Work order:
The output must be exactly the lines from the "We leren kinderen" line through the end of the listing below, with no picture included.

Data extract:
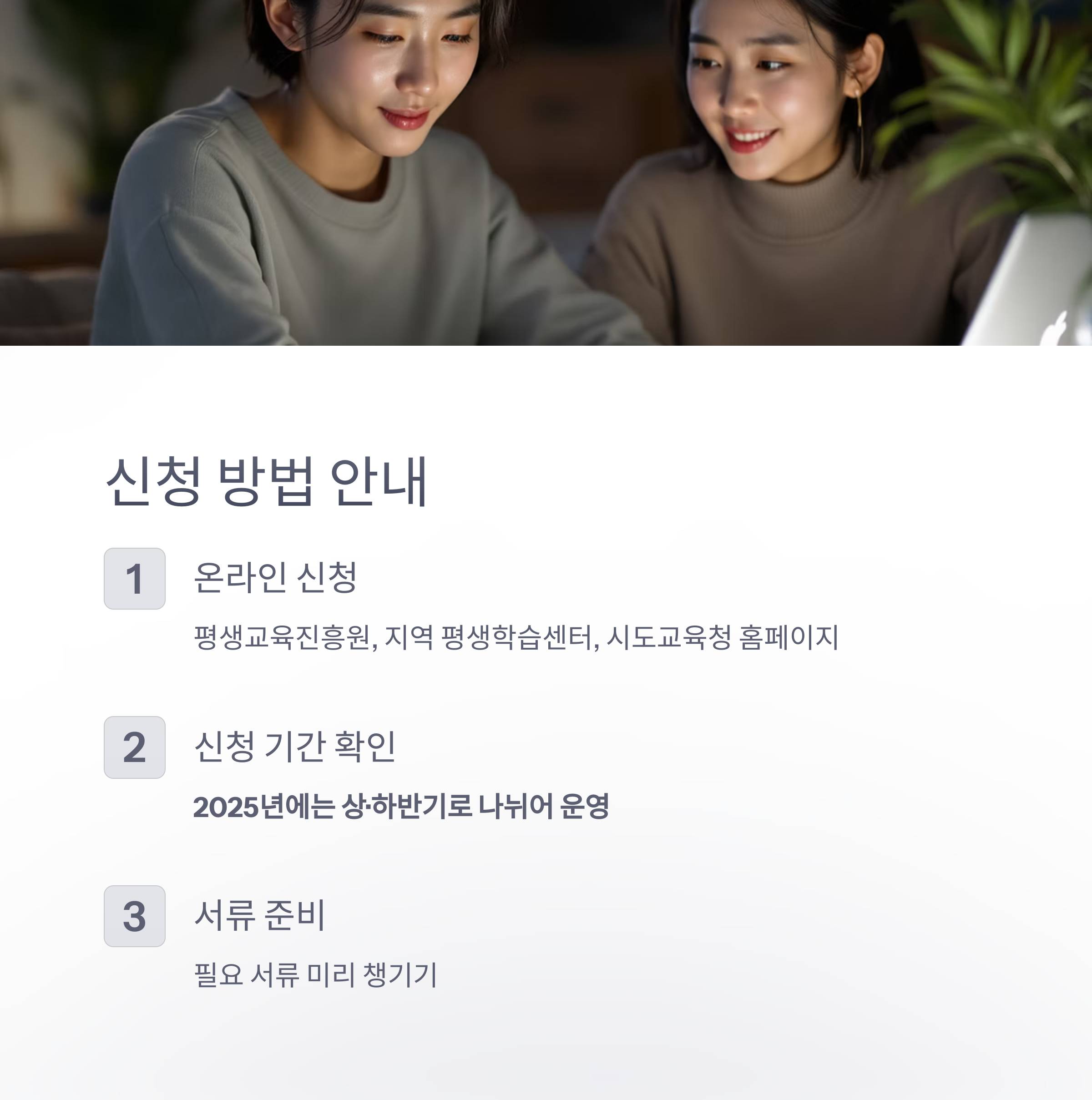 각각 평생교육진흥원과 지역 평생학습센터 또는 시도교육청 홈페이지에서 접수 가능합니다.
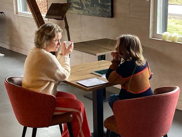 We leren kinderen weer een gesprek te voeren, hun mening te onderbouwen en hun gevoel te benoemen. De kracht van taal is zó belangrijk in deze tijd! Dit alles doen we op een speelse manier, met een kopje thee en een koekje erbij. Op een huiselijke plek in de natuur. Soms gaan we even naar buiten, om te leren over het verschil tussen een den en een spar of we vertellen over de wolf."
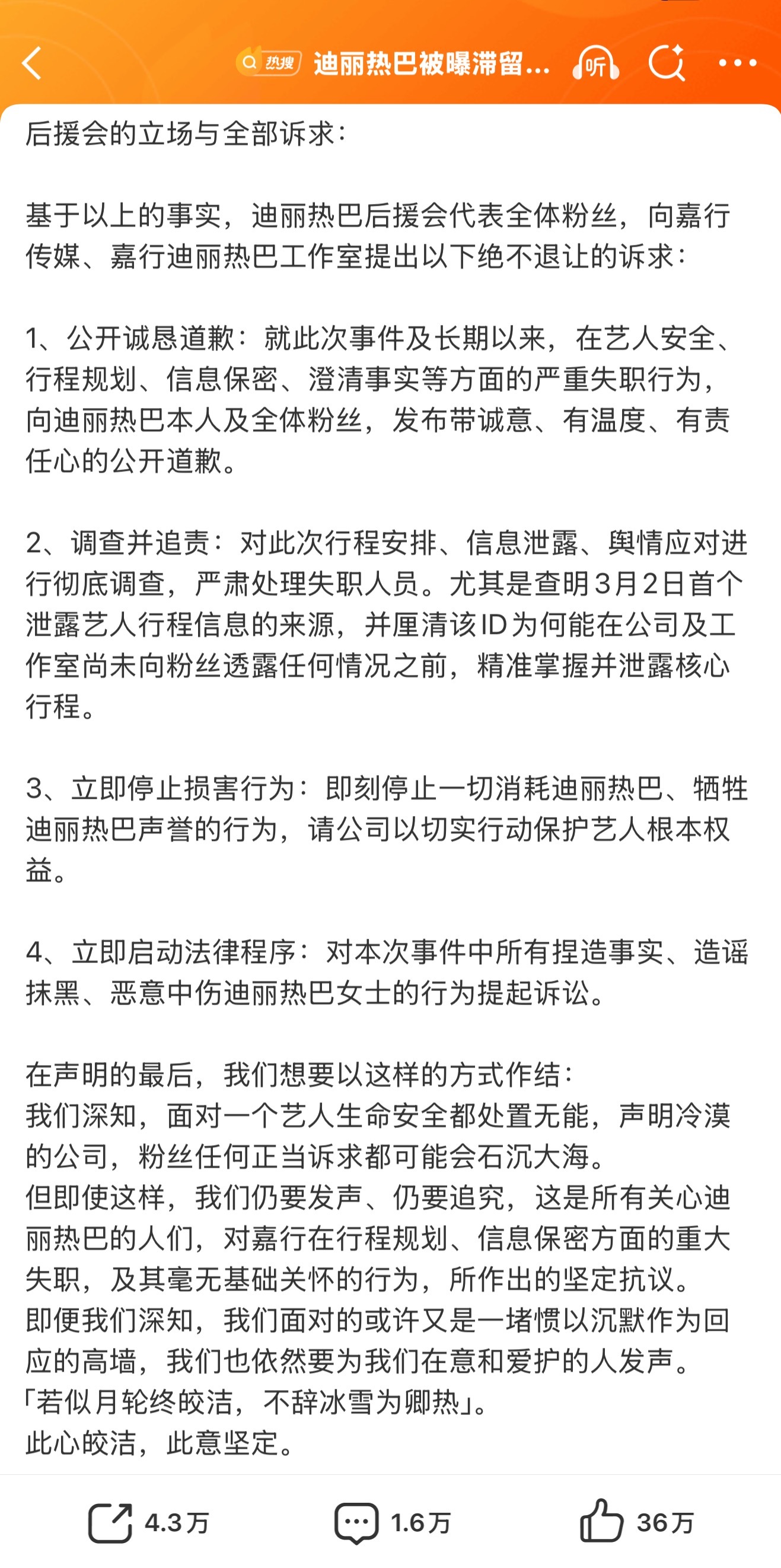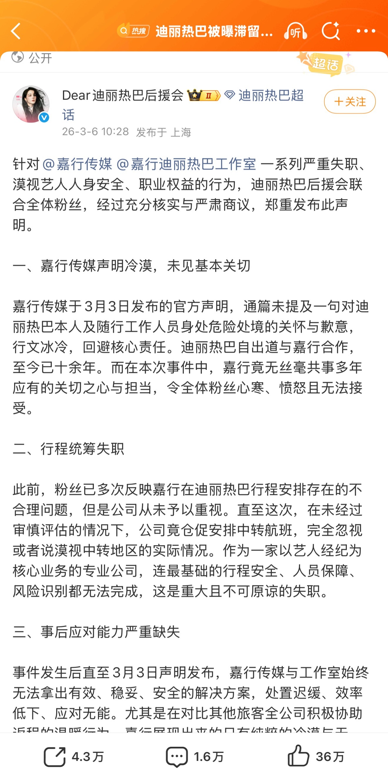 迪丽热巴后援会发文维权了本来这就是嘉行传媒统筹重大失误,把两个小女生置于危险中,但凡上一点网都知道现在什么局势,可偏偏就捂住耳朵和眼睛 对于3.3号的声明全篇丝毫没有对此次统筹失败的觉悟,丝毫没有关心艺人和同行助理安全,两个小女孩在滞留中,而他们在回复迪丽热巴没解约哎呀我的妈呀,这公司…
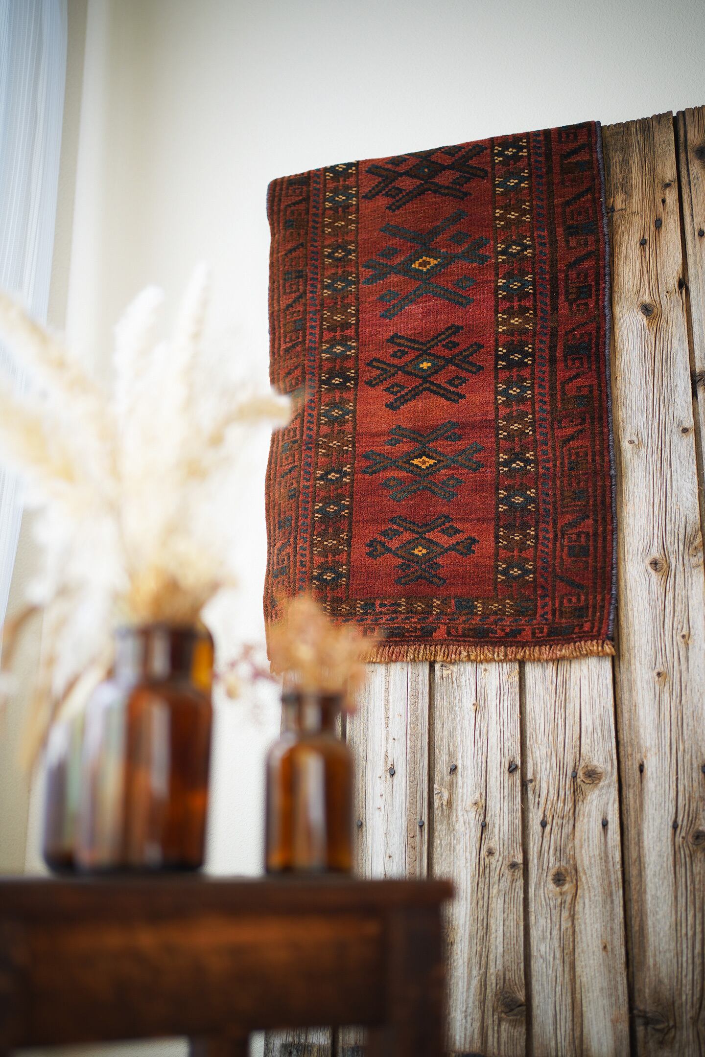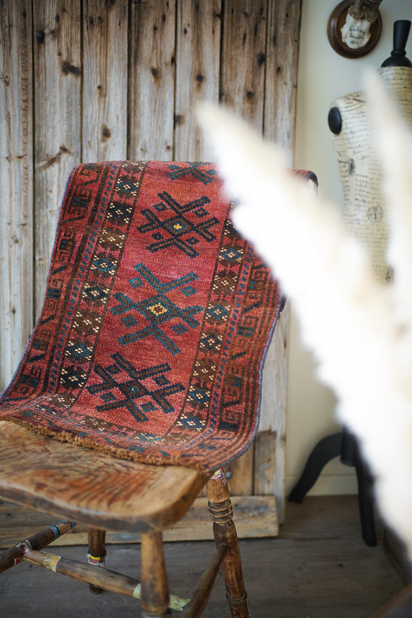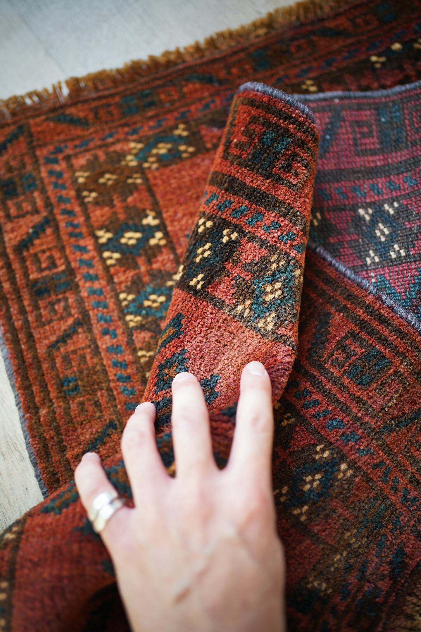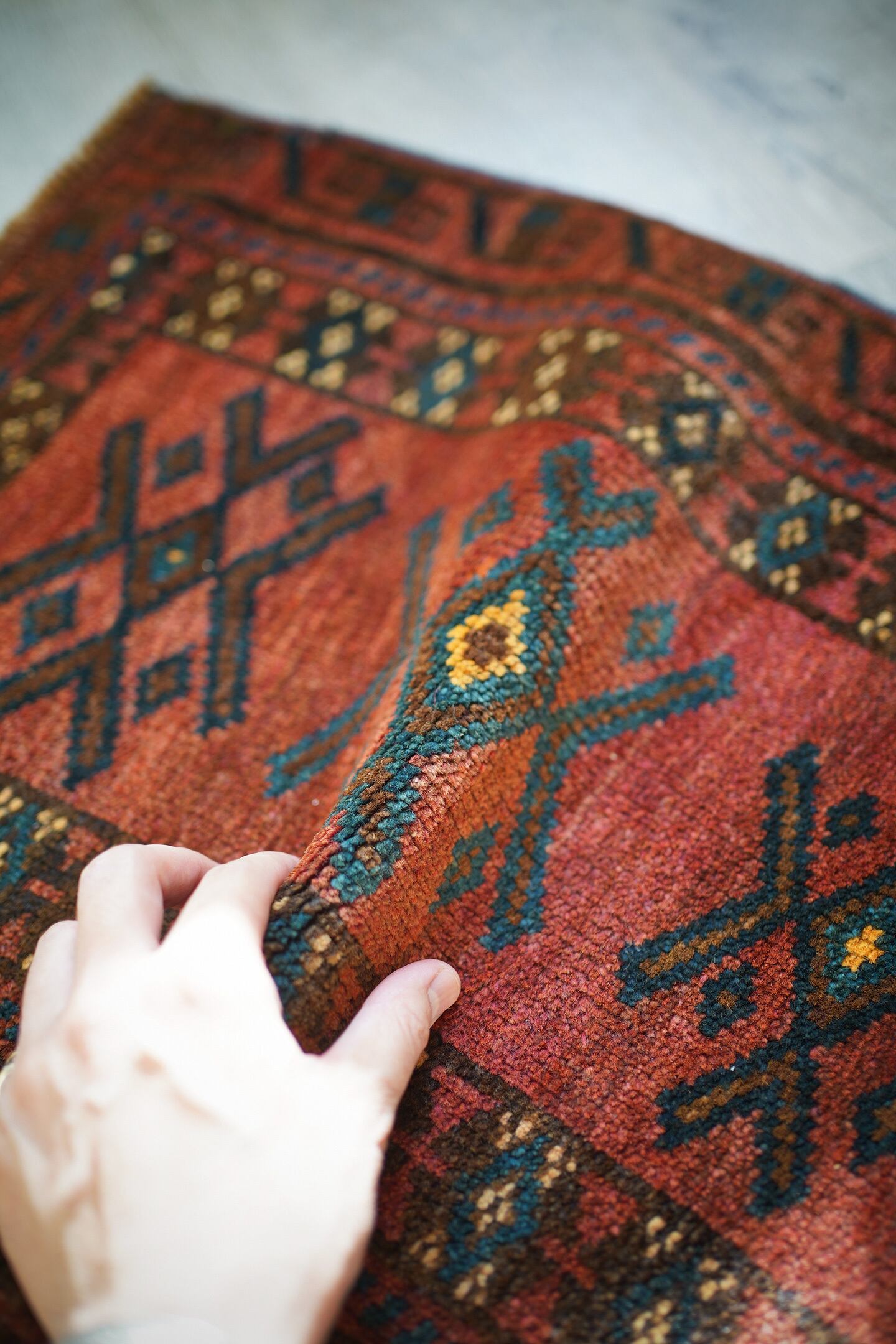 おおよそ50年前に織られたアフガニスタン産マルダリラグ。落ち着いた赤をメインカラーに焦茶、ベージュのカラーリング。アクセントに使われている暗いエメラルドグリーンがとても素敵で店主の好きなポイントです。艶のあるパイルで、表面はふわサラッと滑らかで気持ちの良い肌触り。6mm〜7mm程度の厚みです。状態はダメージと補修跡もなく、大変良好です。チェスト前や小さめの棚の下などにオススメです。

Exercise response:
 We leren kinderen weer een gesprek te voeren, hun mening te onderbouwen en hun gevoel te benoemen. De kracht van taal is zó belangrijk in deze tijd! Dit alles doen we op een speelse manier, met een kopje thee en een koekje erbij. Op een huiselijke plek in de natuur. Soms gaan we even naar buiten, om te leren over het verschil tussen een den en een spar of we vertellen over de wolf."
 迪丽热巴后援会发文维权了本来这就是嘉行传媒统筹重大失误,把两个小女生置于危险中,但凡上一点网都知道现在什么局势,可偏偏就捂住耳朵和眼睛 对于3.3号的声明全篇丝毫没有对此次统筹失败的觉悟,丝毫没有关心艺人和同行助理安全,两个小女孩在滞留中,而他们在回复迪丽热巴没解约哎呀我的妈呀,这公司…
 おおよそ50年前に織られたアフガニスタン産マルダリラグ。落ち着いた赤をメインカラーに焦茶、ベージュのカラーリング。アクセントに使われている暗いエメラルドグリーンがとても素敵で店主の好きなポイントです。艶のあるパイルで、表面はふわサラッと滑らかで気持ちの良い肌触り。6mm〜7mm程度の厚みです。状態はダメージと補修跡もなく、大変良好です。チェスト前や小さめの棚の下などにオススメです。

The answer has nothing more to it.